Comune, protesta dei negozianti: «Stop ai saldi liberi tutto l’anno»

Giovedì è stato convocato il tavolo tecnico assieme ai rappresentanti delle associazioni di categoria L’assessore Pantalone: «Prepareremo un documento condiviso da consegnare alla Regione»
CHIETI. Il rifiuto dei saldi liberi tutto l’anno e le resistenze dei commercianti rispetto al tentativo di togliere la competenza decisionale diretta alle Regioni saranno al centro di un tavolo tecnico in Comune con le associazioni di categoria e con l’assessore al Commercio Manuel Pantalone. L’appuntamento è in calendario giovedì. Il vertice servirà a predisporre un documento condiviso da consegnare alla Regione, prima del passaggio in consiglio dei ministri della norma sulle liberalizzazioni voluta dal Governo Meloni.

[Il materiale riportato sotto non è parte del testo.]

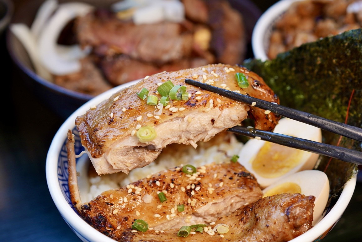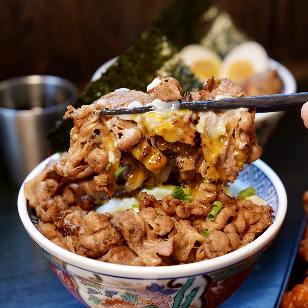 頭份最硬派的日式丼飯就是這間「宮本武丼|直火燒肉丼|苗栗頭份店」,看著主廚拿著巨型噴槍炙燒,火光四射的場景根本就是一場火焰秀,堆出一座座肉山丼飯,根本是肉食控的天堂!極上大勢牛排丼還附加熱石,可自行調整熟度超方便~另外也很推薦柳生火烤雞腿丼,雞肉真的嫩到不行,宮本武丼苗栗頭份店內用還有免費雞湯、霜淇淋、紅茶,絕對讓你吃飽喝足滿足離開~
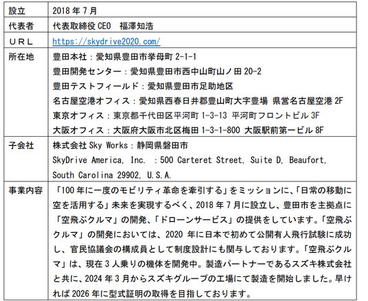 ◯東日本旅客鉄道株式会社(本社:東京都渋谷区、代表取締役社長:喜㔟 陽一、以下「JR 東日本」)は、「空飛ぶクルマ」の開発を行う株式会社SkyDrive(本社:愛知県豊田市、代表取締役CEO:福澤 知浩、以下「SkyDrive」)へ2025年5月2日に出資しました。

La maggior parte dei negozianti tradizionali si è detta contraria al provvedimento, che prevede di azzerare i limiti temporali in cui è possibile realizzare le vendite promozionali e quelle straordinarie di fine stagione, convinti che possa trasformarsi in un danno per le piccole e medie imprese. «L’Abruzzo», spiega Pantalone, «già prevede la possibilità di effettuare vendite promozionali tutto l’anno, previa comunicazione al Comune in cui si svolge l’attività. Questo è uno strumento che aiuta e supporta il commercio e che noi come amministrazione abbiamo più volte sostenuto organizzando eventi a tema». Pantalone evidenzia come «altra cosa sarebbe una liberalizzazione completa dei saldi». «L’obiettivo di questa riunione», prosegue l’assessore, «che abbiamo avuto la premura di convocare, è quello di stilare un documento insieme alle associazioni di categoria della nostra città da inoltrare agli enti sovraordinati e in modo particolare alla Regione che incontrerà nelle prossime settimane il Governo proprio per discutere di questa norma. Sembra chiaro che la posizione delle associazioni di categoria, già palesata nel corso delle scorse settimane, sia di profonda criticità rispetto all’opportunità di questo provvedimento, perché il momento dei saldi stagionali rappresenta, nell’immaginario collettivo, una fase ben definita nella quale effettuare compere e che, proprio per la sua vantaggiosità, fa scaturire nei cittadini una sana propensione al consumo in grado di alimentare e supportare l’economia di un territorio».
La riunione di giovedì è stata convocata anche per tracciare un bilancio delle festività pasquali. «Le compere», conclude Pantalone, «in base ai dati in nostro possesso sono state molto positive, grazie anche all’importante flusso di persone che hanno popolato le vie del nostro centro storico e del nostro centro urbano cittadino, a dimostrazione dell’ottimo lavoro che stiamo compiendo nel rilancio dell’intero comparto».